Art. 5 of the Trade Marks Directive provides that the proprietor of a mark shall be entitled to exercise certain rights, including the right to prevent others using his own or an identical mark in connection with the goods and services for which the mark is registered. Lord Sumption found that Art. 5 "is not qualified by any proviso relating to free movement of goods because it does not need to be". The reason is that the reconciliation between Art. 5 of the Trade Marks Directive and Arts. 34-36 TFEU is achieved in the harmonised Directive by Art. 7, where the exhaustion of rights principle is set out.
Sun was entitled to rely on its trade mark rights to control the first marketing of its goods in the EEA and its exercise of these rights did not engage the principle of free movement of goods between Member States as enshrined in Arts. 34-36 TFEU. In this case, Sun's exercise of its trade mark rights only affected the entry of goods onto the EEA Market, and not the movement of goods within it.
Turning to M-Tech's second Euro-defence which was based on Art. 101 TFEU, it was found that an intellectual property right is not in itself an agreement or concerted practice capable of contravening Art. 101 TFEU. However, Lord Sumption found that "there are undoubtedly circumstances in which it may be unenforceable because there is a sufficient nexus between the exercise of the right and the agreement or concerted practice in question". In this case, there was no such nexus.
M-Tech's Art. 101 arguments focused on Sun withholding information about the provenance of its goods and Sun's distribution agreements with a network of authorised dealers.

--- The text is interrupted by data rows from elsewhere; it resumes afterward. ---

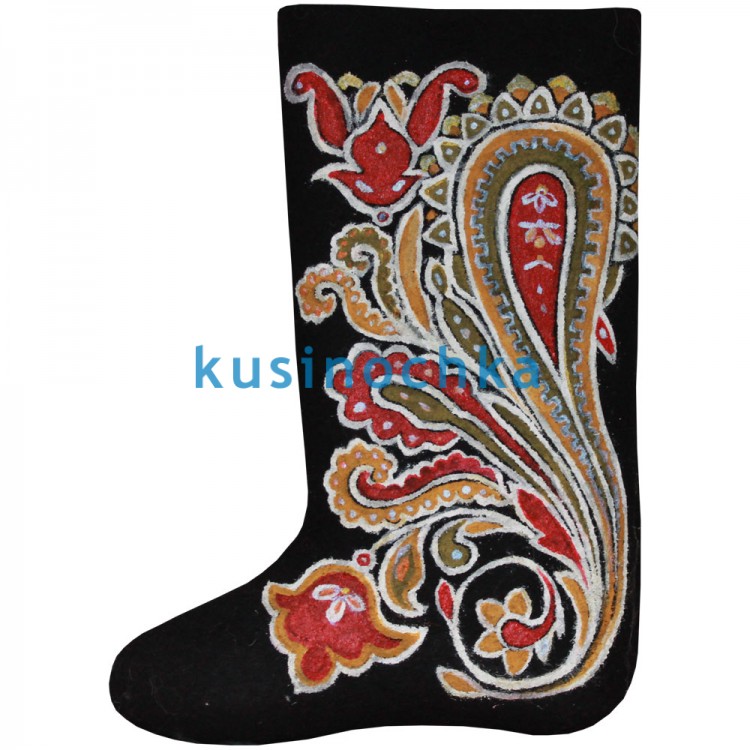 Купите шикарные зимние женские валенки-самокатки в нашем интернет-магазине валенок от пимокатого цеха "Кусиночка" Челябинская область, г. Куса. Современные валенки - это удобная и теплая красивая обувь из войлока. Черные женские валенки ручной валки c росписью под павлопосадский платок (палантин) "Расцветающие камни" из серии валенок "Русские мотивы" - это не просто эксклюзивные валенки, это модные и легкие валенки-сапоги. В таких необычных, но в тоже время натуральных валенках из овечьей шерсти, Вы почувствуете себя настоящей русской красавицей. Тип декора - акриловые краски.
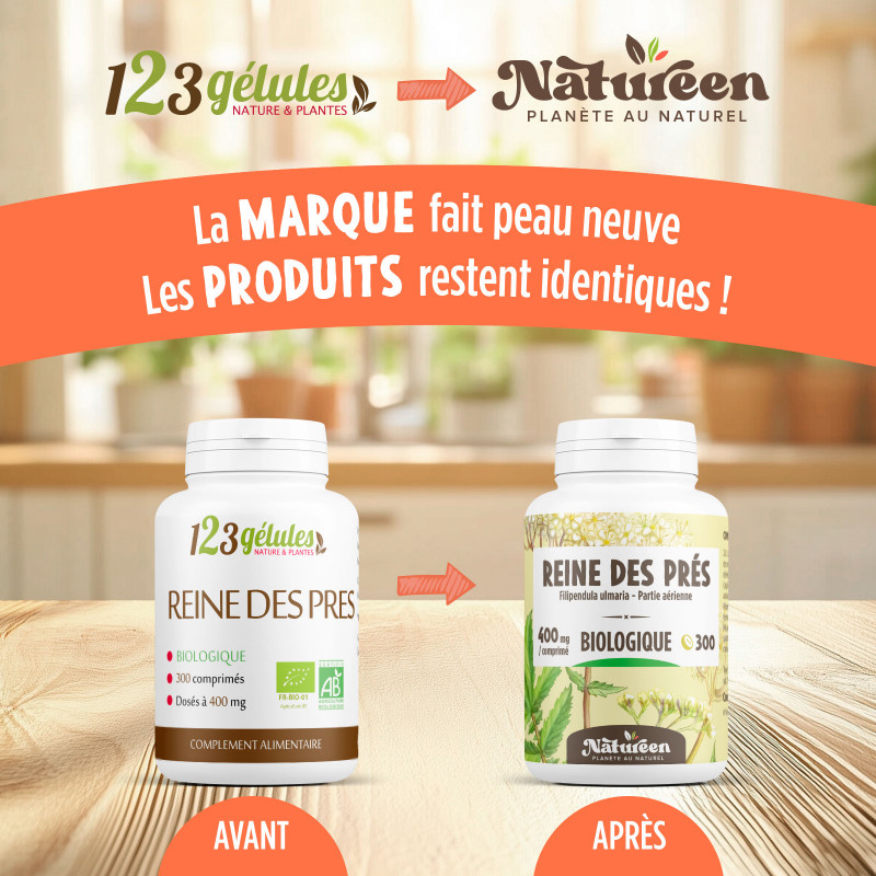 La reine des prés est ici fortement dosée à 400 mg par comprimé pour un usage facile au quotidien. Vous trouverez également la reine des prés sous formes de gélules végétales bio, en plantes coupées ou en poudre. L’harpagophytum et la prêle l’accompagne dans notre complexe Articulation Bio.
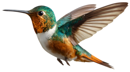 Vibrant hummingbird isolated on transparent background, in flight with wings spread, showcasing detailed plumage and colorful iridescent feathers
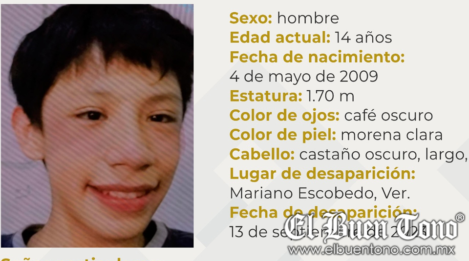 Mariano Escobedo, Ver.- Un menor de 14 años de edad, identificado como Xavier Kaleb Zepahua Monterd, se encuentra como desaparecido desde el día de ayer 13 de septiembre.
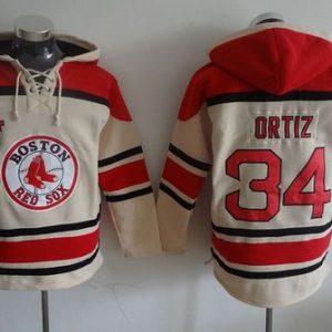 Authentic MLB Red Sox #34 David Ortiz Cream Sawyer Hooded Sweatshirt MLB Hoodie
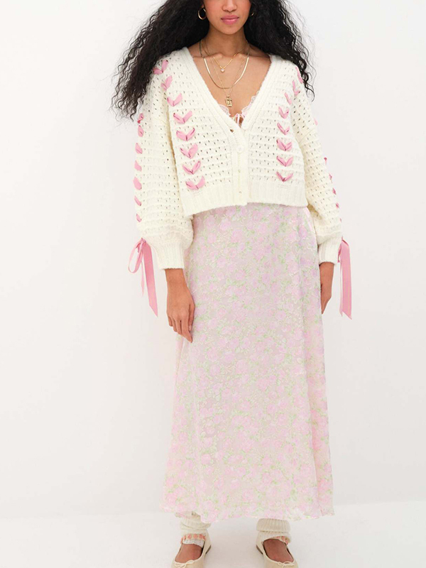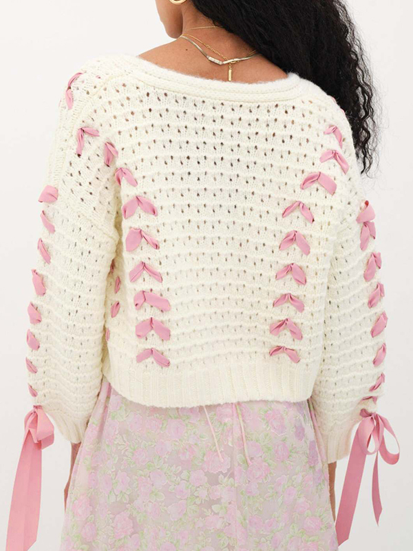 Cutout V Neck Lace Up Loose Short Knit Cardigan
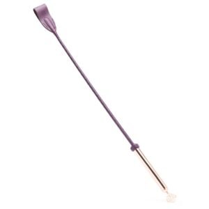 Handcrafted leather riding crop in dark purple for deluxe spanking • Supple leather tip at the end of a flexing spine delivers satisfying stings • Flexible lightweight and easy to wield for intense sensation • Rose-gold metal handle with ornate styling to echo Fifty Shades Freed book cover key • Supplied in a luxurious envelope-style…
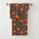 Autumn pumpkins, acorns, and leaves, on a dark brown background. Great fall and Thanksgiving home decorations.
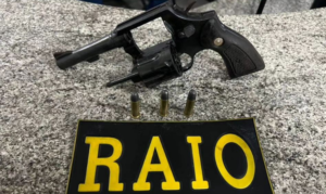 Segundo informações da Polícia Militar, por volta de 20h40min a equipe policial realizava patrulhamento pela Rua Maria Benigno quando abordou um suspeito de 33 anos de idade cuja já tinha-se a informação que o mesmo possuía uma arma de fogo escondida em um quartinho utilizado para o uso de drogas. Ao chegarem no local os policiais realizaram uma minuciosa busca e encontraram 01 revólver cal.38 com 03 munições intactas.
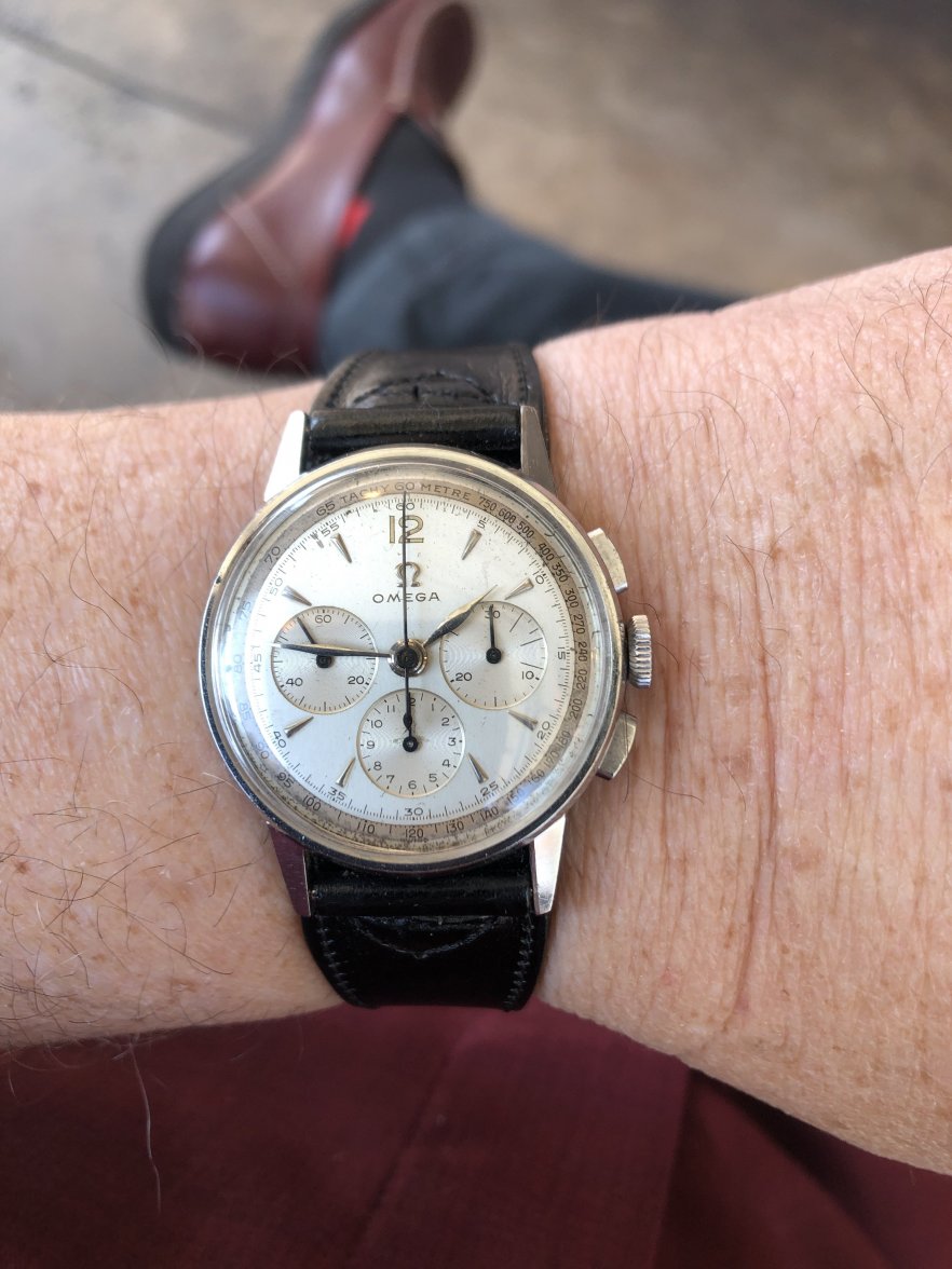 The movement dates approximately to the end of 1953 and the case reference is likely to have been 2466. The dial might have been redone in the past.
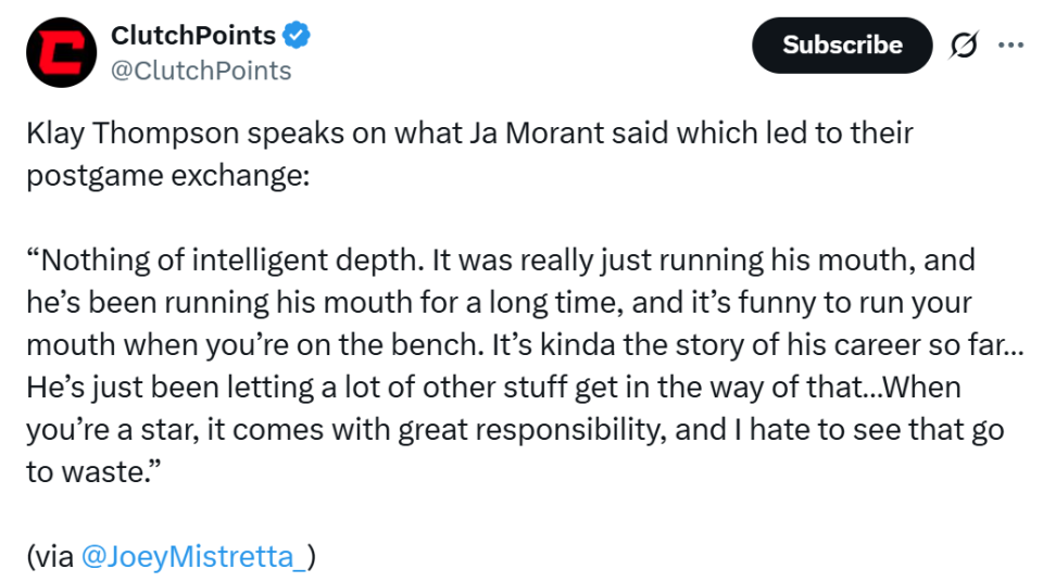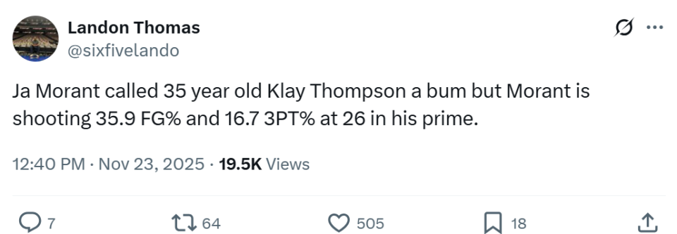 独行侠记者Landon Thomas赛后补刀到:“莫兰特说35岁的克莱是废物,然而26岁正值巅峰的自己本赛季投篮命中率35.9%,三分命中率16.7%。”

The Judge held that there was no relevant connection between the policy of withholding information about provenance and the prevention, restriction and distortion of competition by means of distribution agreements. Further, there was no relevant connection between the policy of withholding information and the enforcement of Sun's right to control the first marketing of its trade-marked goods in the EEA.
As both of M-Tech's Euro-defences had failed, Lord Sumption found that its defence which was based on an abuse of its rights was also incapable of succeeding.
Reference to the CJEU
Whilst many commentators had expected that this case might necessitate a reference to the CJEU and indeed the Supreme Court was invited to make such a reference, it did not find that one was warranted in this instance. The Court found that whilst there are obscurities in parts of this area of EU law, the particular legislative provisions and principles which made M-Tech's case impossible were entirely clear and no reference was required to elucidate them.